Just because this isn’t cheap relative to the world GDP doesn’t mean it’s enough. If our goal was “build a Dyson sphere” even throwing our whole productivity towards it would be cheap. I’m not saying there aren’t any concerns, but the money is still mostly going to capabilites and safety, while a concern, still needs to be compromised also with commercial needs and race dynamics—albeit mercifully dampened. Honestly with LeCun’s position we’re just lucky that Meta isn’t that good at AI, or they alone would set the pace of the race for everyone else.
I think Meta have been somewhat persuaded by the Biden administration to sign on for safety, or at least for safety-theatre, despite LeCun. They actually did a non-trivial amount of real safety work on Llama-2 (a model small enough not to need it), and then never released one size of it for safety reasons.. Which was of course pointless, or more exactly just showing off, since they then open-sourced the weights, including to the base models, so anyone with $200 can fine-tune their safety work out again. However, it’s all basically window dressing, as these models are (we believe) too small to be an x-risk, and they were reasonably certain of that before they started (as far as we know, about the worst these models can do is write badly-written underage porn or phishing emails, or similarly marginally assist criminals.)

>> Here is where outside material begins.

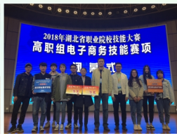
电子商务专业学生在2018年湖北省职业院校技能大赛高职组“电子商务技能”竞赛中荣获推荐组一等奖、抽测组二等奖

Obviously no modern models are an existential risk, the problem is the trajectory. Does the current way of handling the situation extrapolate properly to even just AGI, something that is an open goal for many of these companies? I’d say not, or at least, I very much doubt it. As in, if you’re not doing that kind of work inside a triple-airgapped and firewalled desert island and planning for layers upon layers of safety testing before even considering releasing the resulting product as a commercial tool, you’re doing it wrong—and that’s just for technical safety. I still haven’t seen a serious proposal of how do you make human labor entirely unnecessary and maintain a semblance of economic order instead of collapsing every social and political structure at once.